RECORD EXCERPTS Block Start

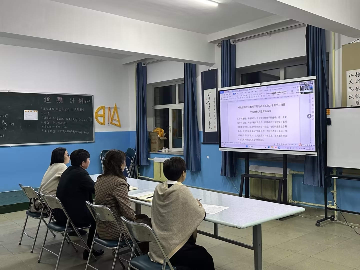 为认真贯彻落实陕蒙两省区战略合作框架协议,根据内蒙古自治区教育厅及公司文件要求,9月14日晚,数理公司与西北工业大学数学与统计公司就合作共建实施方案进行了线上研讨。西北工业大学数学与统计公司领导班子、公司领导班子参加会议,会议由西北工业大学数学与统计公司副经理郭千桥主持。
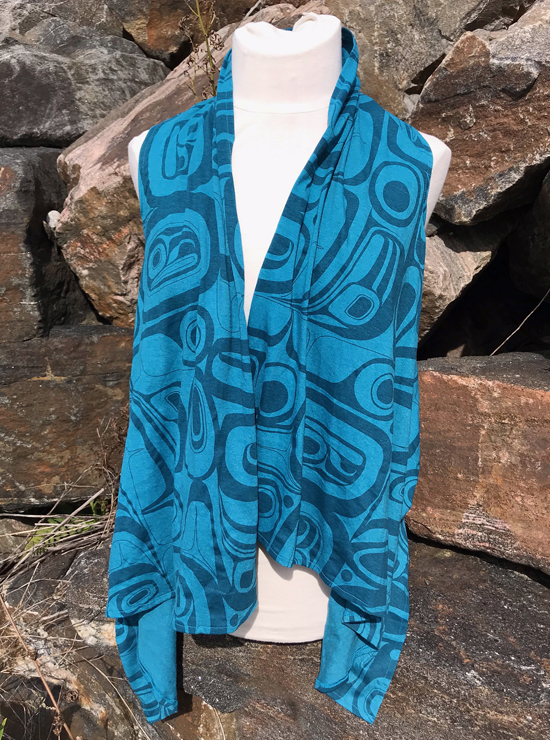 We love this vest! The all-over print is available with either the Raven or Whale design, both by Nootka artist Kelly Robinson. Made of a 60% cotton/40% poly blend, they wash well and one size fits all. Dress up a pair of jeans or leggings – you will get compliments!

RECORD EXCERPTS Block End
RECORD EXCERPTS Block Start

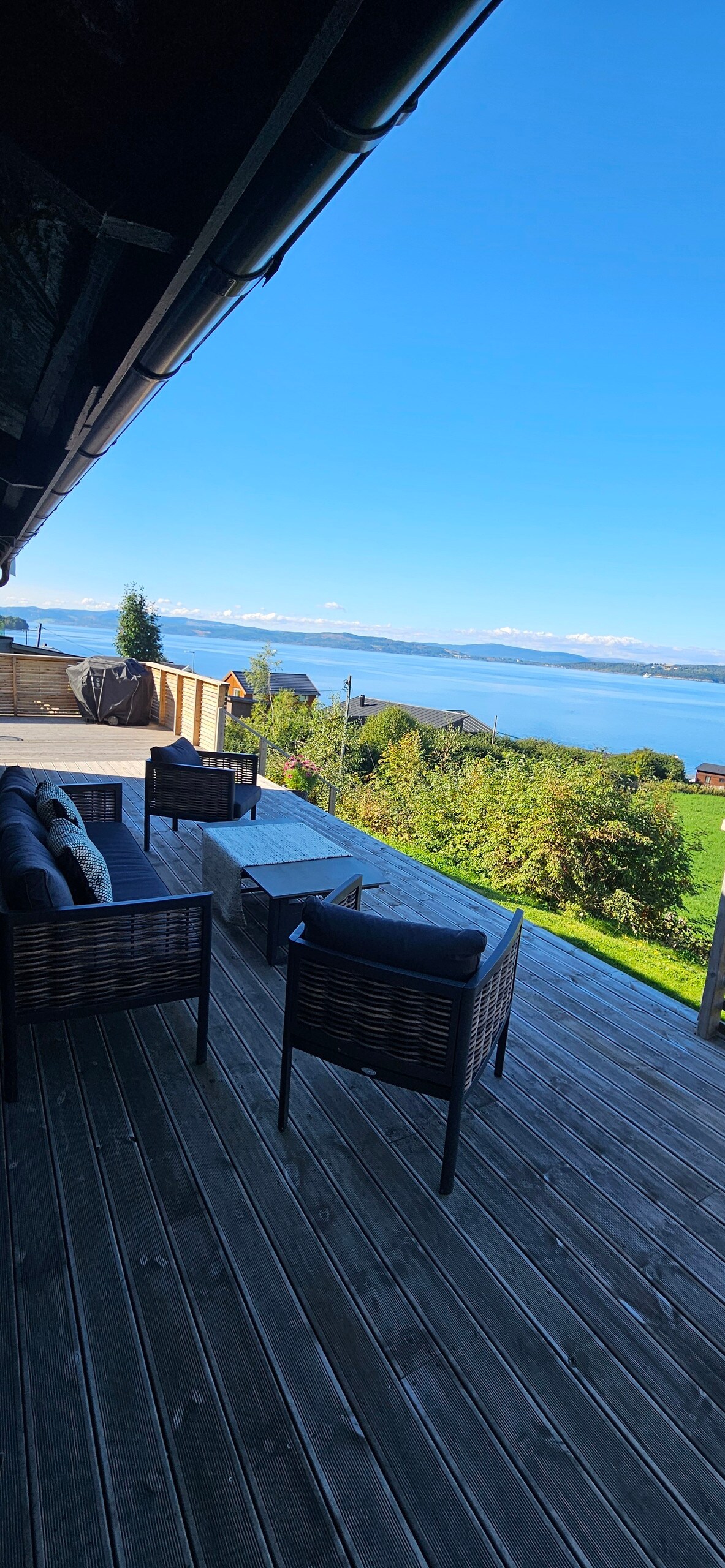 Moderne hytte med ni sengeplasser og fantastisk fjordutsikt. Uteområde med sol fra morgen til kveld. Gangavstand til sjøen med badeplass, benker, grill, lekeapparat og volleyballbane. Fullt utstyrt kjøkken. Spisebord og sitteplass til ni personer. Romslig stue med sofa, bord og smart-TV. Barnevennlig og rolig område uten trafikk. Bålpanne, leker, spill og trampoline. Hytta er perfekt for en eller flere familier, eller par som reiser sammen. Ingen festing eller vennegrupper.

RECORD EXCERPTS Block End
RECORD EXCERPTS Block Start

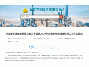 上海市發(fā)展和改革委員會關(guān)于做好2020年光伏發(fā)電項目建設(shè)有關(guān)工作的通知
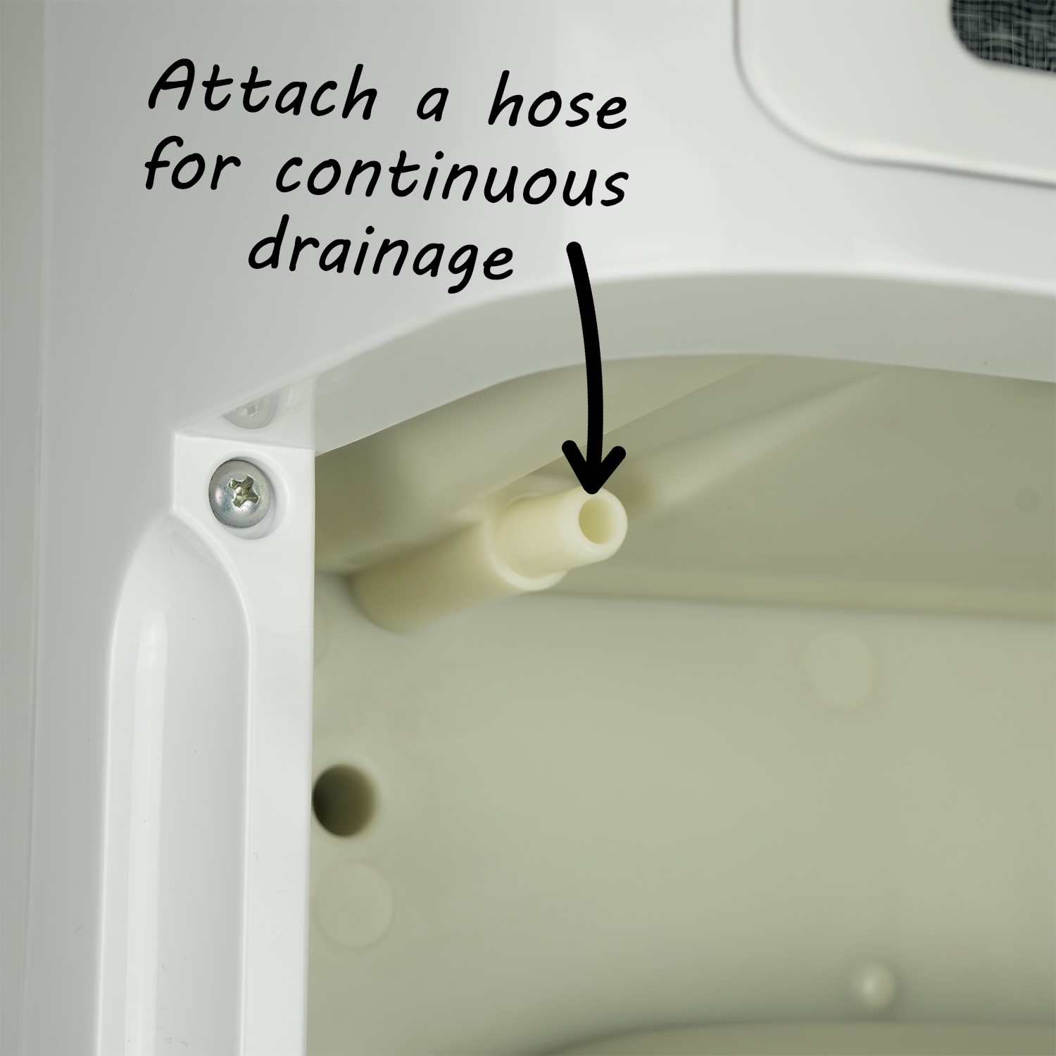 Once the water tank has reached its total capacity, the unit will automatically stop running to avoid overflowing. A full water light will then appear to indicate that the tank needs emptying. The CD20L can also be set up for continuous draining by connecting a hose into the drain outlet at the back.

RECORD EXCERPTS Block End

- _WHAT YOU SHOULD DO_:
When you reach the line with "上海市發(fā)展和改革委員" in the records above, start writing out each line exactly, and stop after the line with "Once the water". Pictures stay out.

- _WRITTEN ANSWER_:
 上海市發(fā)展和改革委員會關(guān)于做好2020年光伏發(fā)電項目建設(shè)有關(guān)工作的通知
 Once the water tank has reached its total capacity, the unit will automatically stop running to avoid overflowing. A full water light will then appear to indicate that the tank needs emptying. The CD20L can also be set up for continuous draining by connecting a hose into the drain outlet at the back.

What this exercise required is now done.